In response to Wei Dai's claim that a multi-post 2009 Less Wrong discussion on gender issues and offensive speech went well, MIRI researcher Evan Hubinger writes—
Do you think having that debate online was something that needed to happen for AI safety/x-risk? Do you think it benefited AI safety at all? I'm genuinely curious. My bet would be the opposite—that it caused AI safety to be more associated with political drama that helped further taint it.
Okay, but the reason you think AI safety/x-risk is important is because twenty years ago, people like Eliezer Yudkowsky and Nick Bostrom were trying to do systematically correct reasoning about the future, noticed that the alignment problem looked really important, and followed that line of reasoning where it took them—even though it probably looked "tainted" to the serious academics of the time. (The robot apocalypse is nigh? Pftt, sounds like science fiction.)
The cognitive algorithm of "Assume my current agenda is the most important thing, and then execute whatever political strategies are required to protect its social status, funding, power, un-taintedness, &c." wouldn't have led us to noticing the alignment problem, and I would be pretty surprised if it were sufficient to solve it (although that would be very convenient).
An analogy: it's actually easier to build a calculator that does correct arithmetic than it is to build a "triskaidekaphobic calculator" that does "correct arithmetic, except that it never displays the result 13", because the simplest implementation of the latter is just a calculator plus an extra conditional that puts something else on the screen when the real answer would have been 13.
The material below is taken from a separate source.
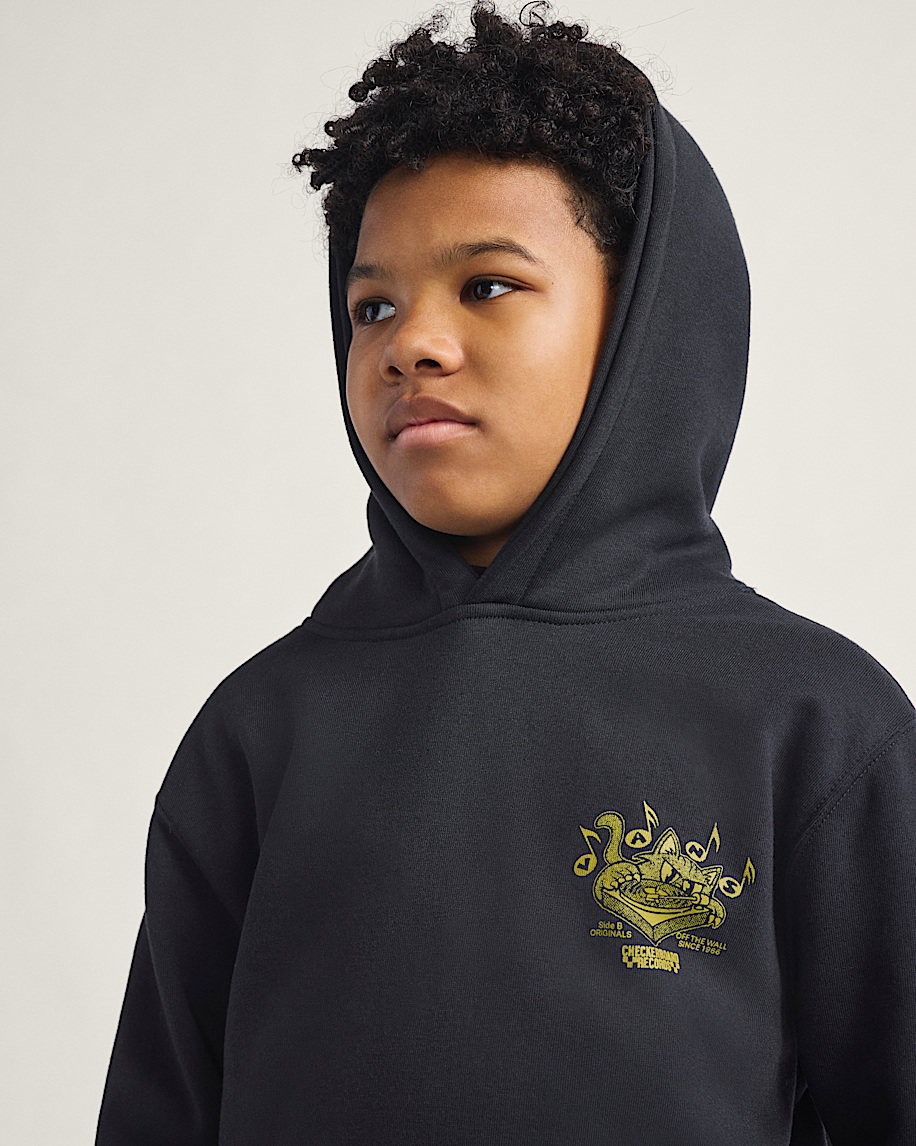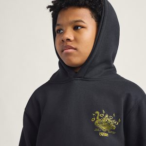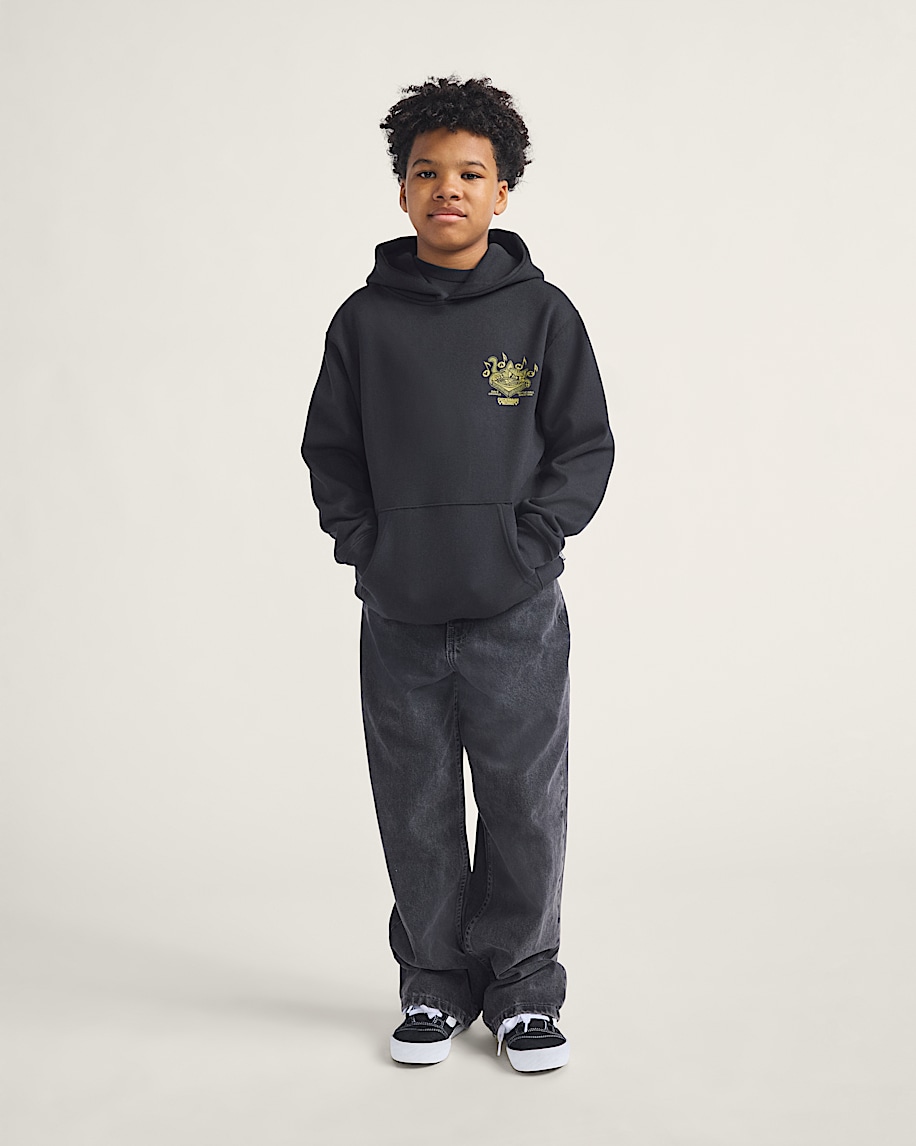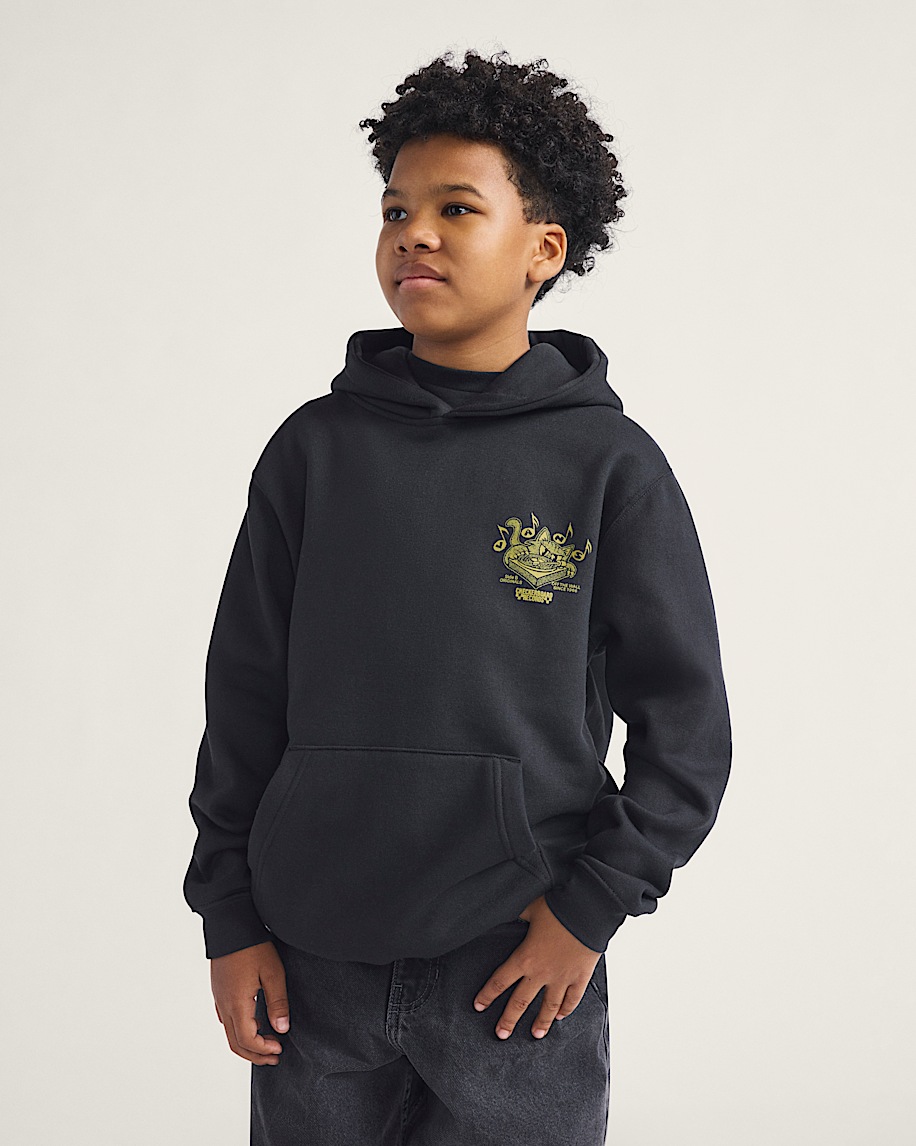 Go vinyl in the Scratched Records Pullover Hoodie, with screen print artwork for long-lasting design featuring a Vans music note logo on the front, and the kind of grooves only records can produce on the back. Long sleeves add extra coverage, while a front kanga pocket and a soft brushed interior add comfort and warmth.

If you don't actually understand how arithmetic works, but you feel intense social pressure to produce a machine that never displays the number 13, I don't think you actually succeed at building a triskaidekaphobic calculator: you're trying to solve a problem under constraints that make it impossible to solve a strictly easier problem.
Similarly, I conjecture that it's actually easier to build a rationality/alignment research community that does systematically correct reasoning, than it is to build a Catholic rationality/alignment research community that does "systematically correct reasoning, except never saying anything the Pope disagrees with." The latter is a strictly harder problem: you have to somehow both get the right answer, and throw out all of the steps of your reasoning that the Pope doesn't want you to say.
You're absolutely right that figuring out how politics and the psychology of offense work doesn't directly help increase the power and prestige of the "AI safety" research agenda. It's just that the caliber of thinkers who can solve AGI alignment should also be able to solve politics and the psychology of offense, much as how a calculator that can compute 1423 + 1389
should also be able to compute 6 + 7
.
In the analogy, it's only possible to build a calculator that outputs the right answer on non-13 numbers because you already understand the true nature of addition. It might be more difficult if you were confused about addition, and were trying to come up with a general theory by extrapolating from known cases -- then, thinking 6 + 7 = 15 could easily send you down the wrong path. In the real world, we're similarly confused about human preferences, mind architecture, the nature of politics, etc., but some of the information we might want to use to build a general theory is taboo. I think that some of these questions are directly relevant to AI -- e.g. the nature of human preferences is relevant to building an AI to satisfy those preferences, the nature of politics could be relevant to reasoning about what the lead-up to AGI will look like, etc.